September 28, 201113 yr I'd rather listen to Elbow on constant repeat for three weeks than sit through even half of Nevermind....... Garvey has more songwriting class, talent and skill than Cobain could ever dream of. And personally I find Elbow as interesting as watching paint dry. As I've mentioned here before.... give me Hole over Nirvana. Any day of the week...... (and can we ever forget...Nirvana, the ones who didn't blow their brains out on the kitchen lino... ended up as...gulp... the Foo Fighters. Vile). Well, no, actually, one of them ended up forming Foo Fighters (Dave Grohl), dunno what Kris Novocelic is doing these days.... As far as Hole goes. I always liked the band, but it became rather obvious that there was a certain artistic co-dependency when the relationship between Kurt and Courtney was going on, both were clearly influencing each other's song-writing in a variety of ways, probably unconsciously for the most part....

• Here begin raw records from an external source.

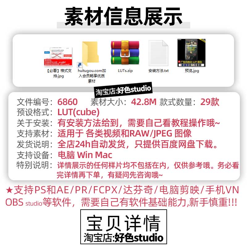 Pr剪映Ae达芬奇调色LUT预设 广告风格化LUT调色29款BEST OF LOOKS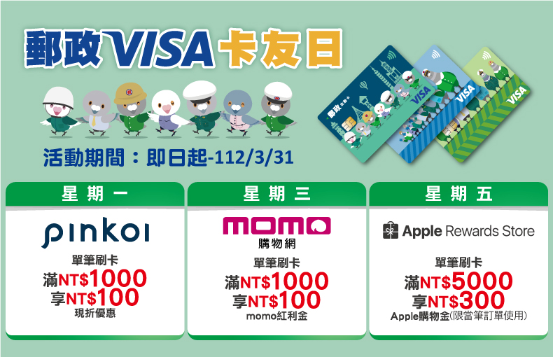 郵政VISA卡友日優惠活動&線上開立國票、凱基證券帳戶綁定郵局帳戶(出入金帳戶)享優惠!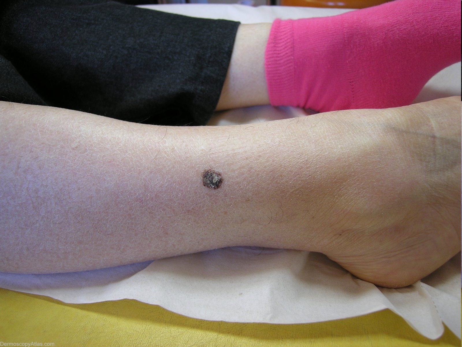 History: This 60 years old lady consulted for this black mole of her right leg. She could not give a precise history. The main dermoscopic feature was a blue white veil. The pathology showed a melanoma: SSM type, Breslow 1.28, Clark IV, no regression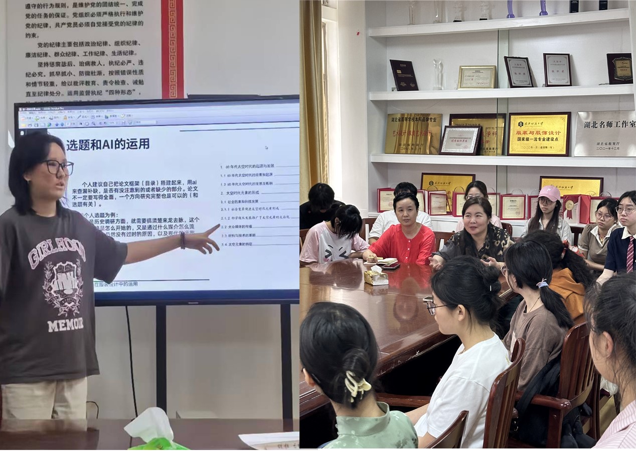 服设12101班的彭一同学,首先跟大家介绍了她的毕业设计主题,从灵感来源都思维发散、设计构思等环节进行了生动讲解。特别提到,希望学弟学妹们能理性有效使用AI工具助力论文写作。以她自己的亲身经历实践告诉大家,AI只是辅助工具,论文的核心还是我们自己的思想。在讲述毕业设计环节时提到如何把握具有较高市场潜力的成衣设计要点,以及如何进行局部面改装饰细节要素。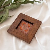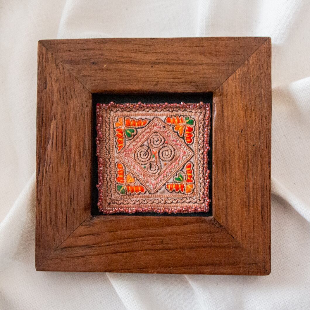 模様を引き立たせるため、周りにビーズをあしらい、インテリアとしてお楽しみ頂けるように、味わい深い木製の額縁に入れました。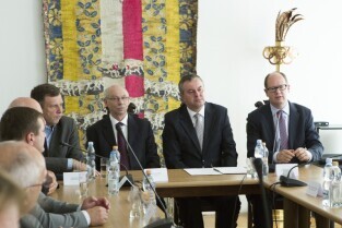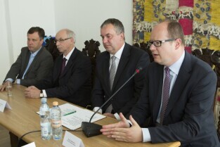 45-lecie Akademii Wychowania Fizycznego i Sportu w Gdańsku. Konferencja prasowa. Nz. od prawej: Prezydent Gdańska Paweł Adamowicz, Rektor AWFiS prof. Waldemar Moska, Poseł do Parlamentu Europejskiego Janusz Lewandowski, Prezydent Sopotu Jacek Karnowski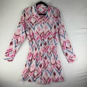 Splendid Amalia Romper Watercolor Printed Long-Sleeve Button Front Size Large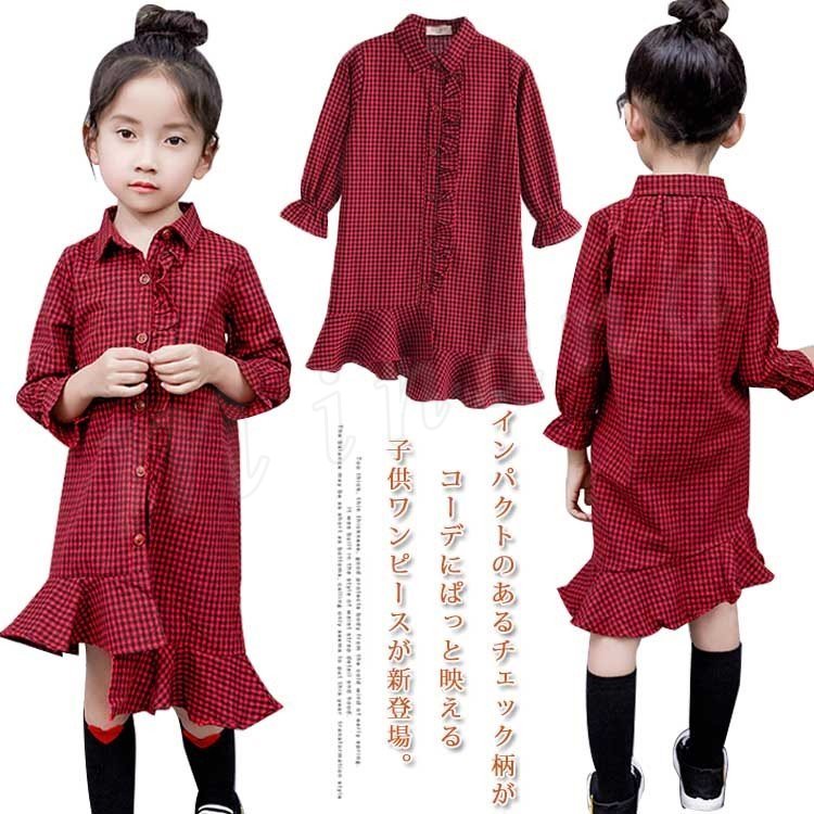 チェック柄 シャツワンピース ワンピース 子供 子供ワンピース ロングシャツ シャツワンピ 長袖 女の子 可愛い ワンピース 通学 発表会 入学式 入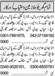 House jobs advertisement dated about 10 April 2025 in daily Khabrain Newspaper invites application for the vacant post of cook, husband wife, maid, driver, baby care and patient care in Lahore, lahore Punjab Pakistan. Middle, Primary and Matric etc. educational qualification will be preferred.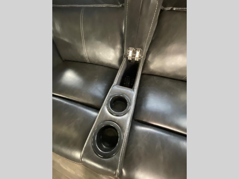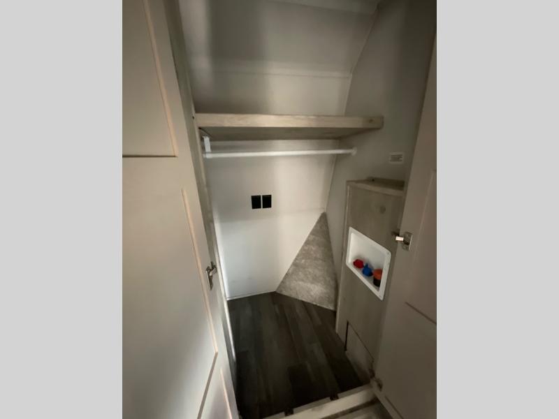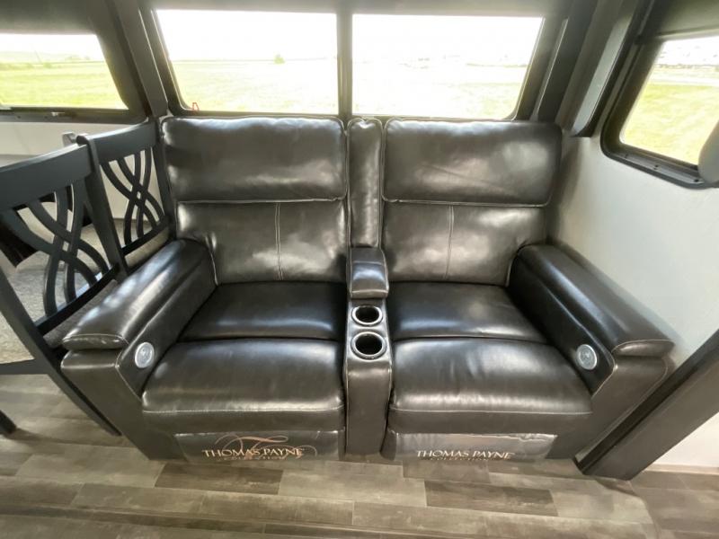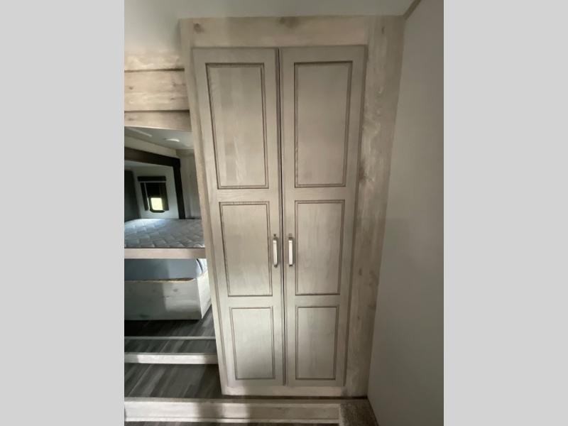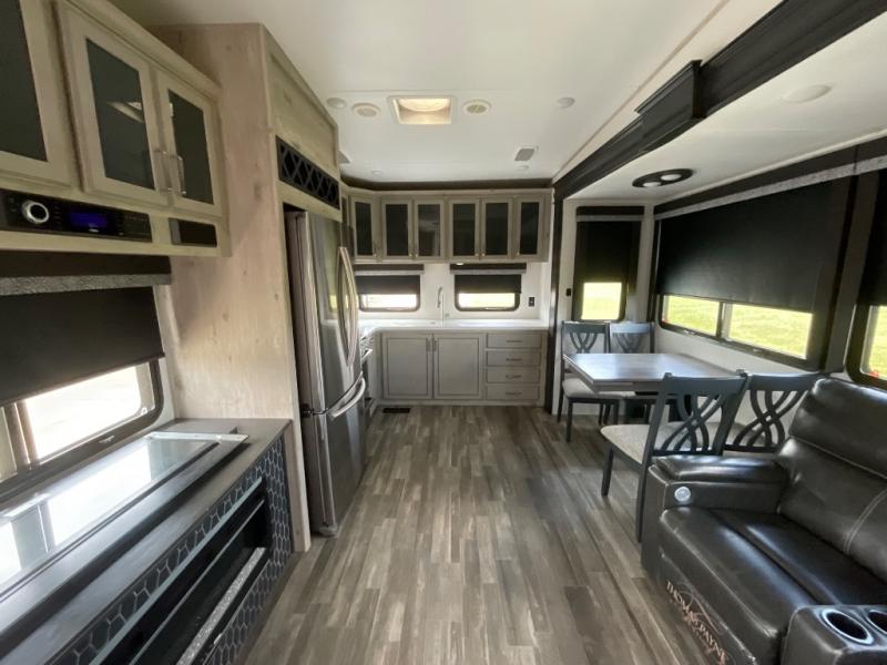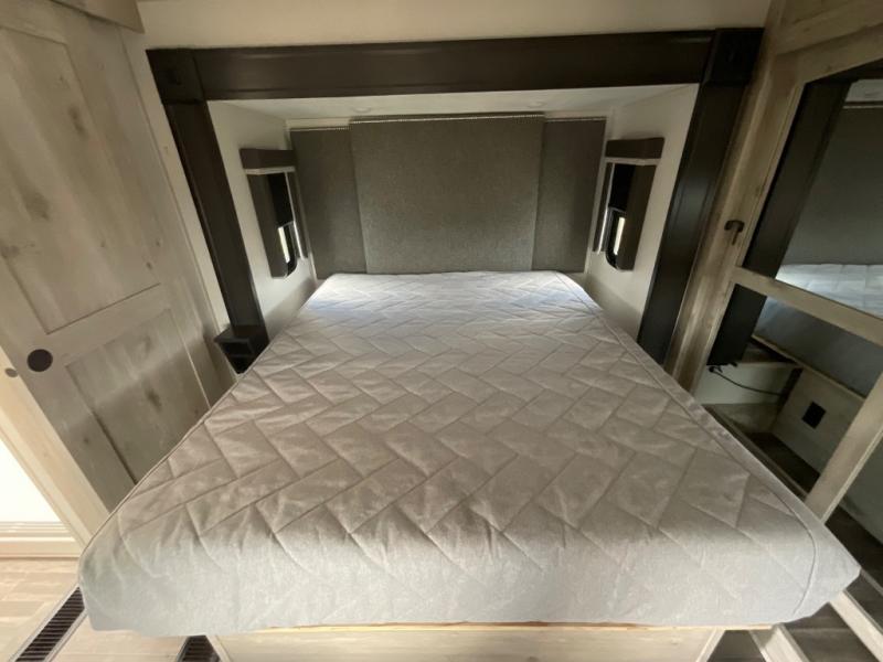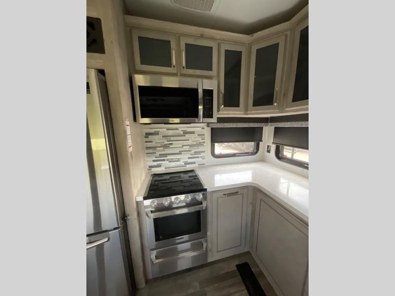 Looking for a spacious rear kitchen with everything you need to make meals, dine at the legless dinette table with storage and four high-back dinette chairs with storage, and enjoy a cozy evening inside with the designer fireplace? Look no further! This perfect couples fifth wheel offers just that plus a hutch for more storage and a place to display your family photos, a pop-up 50" LED TV to watch, and a double entry bathroom for convenience. You will find storage under the king bed slide out, and within the master closet, the chest, and there is a place for a stackable washer/dyer if you decide to add that option. You might like to choose the residential refrigerator option as well.

September 29, 201113 yr I think everyone's being a bit hard on Nirvana here. It was this kind of unwarranted adulation that led to Cobain commiting suicide in the first place. They openly ripped off the Pixies and Killing Joke for a couple of singles and just happened to be around at the right time - hair metal was dead...Guns 'n' Roses were playing gigs from their double album release to a billion people at one time (or thereabouts) and people were becoming wise to the likes of Sonic Youth and Mudhoney at long last. Then they appeared on The Word which, like it or not, was a huge tastemaker back in its day. But then they weren't even really that big at the time. It was the iconography of Cobain's doomed face on posters, t-shirts and lazy, 'commemorative' music magazine covers in the years after his suicide that really made them huge. Personally I think 'Bleach' is the best album they ever made but that's just me. Either way, they are not 'rubbish'. I'll tell you what is rubbish: 'Heavy Soul' by Paul bleedin' Weller.
September 29, 201113 yr I think everyone's being a bit hard on Nirvana here. It was this kind of unwarranted adulation that led to Cobain commiting suicide in the first place. They openly ripped off the Pixies and Killing Joke for a couple of singles and just happened to be around at the right time - hair metal was dead...Guns 'n' Roses were playing gigs from their double album release to a billion people at one time (or thereabouts) and people were becoming wise to the likes of Sonic Youth and Mudhoney at long last. Then they appeared on The Word which, like it or not, was a huge tastemaker back in its day. But then they weren't even really that big at the time. It was the iconography of Cobain's doomed face on posters, t-shirts and lazy, 'commemorative' music magazine covers in the years after his suicide that really made them huge. Personally I think 'Bleach' is the best album they ever made but that's just me. Either way, they are not 'rubbish'. I'll tell you what is rubbish: 'Heavy Soul' by Paul bleedin' Weller. :lol: :lol: :lol: Spot on.... Paul Wellar..... The Godfather of Dad-Rock.... Wooo, I mean, I'll try to contain my excitement........ :lol: Nirvana hit the right note at the right time without even really meaning to, and they ended up just getting caught up in events.... I think Kurt would've been happier playing to venues of about 500 people than some bleedin' "Enormo-dome"......
October 3, 201113 yr I am probably going to get more annoyed by the fact that Nevermind has been purchased in such high quantities this week.
October 6, 201113 yr I am probably going to get more annoyed by the fact that Nevermind has been purchased in such high quantities this week. The new remastered CD is only £5 in our Asda. They say it suffers from unnecessary "loudness" though.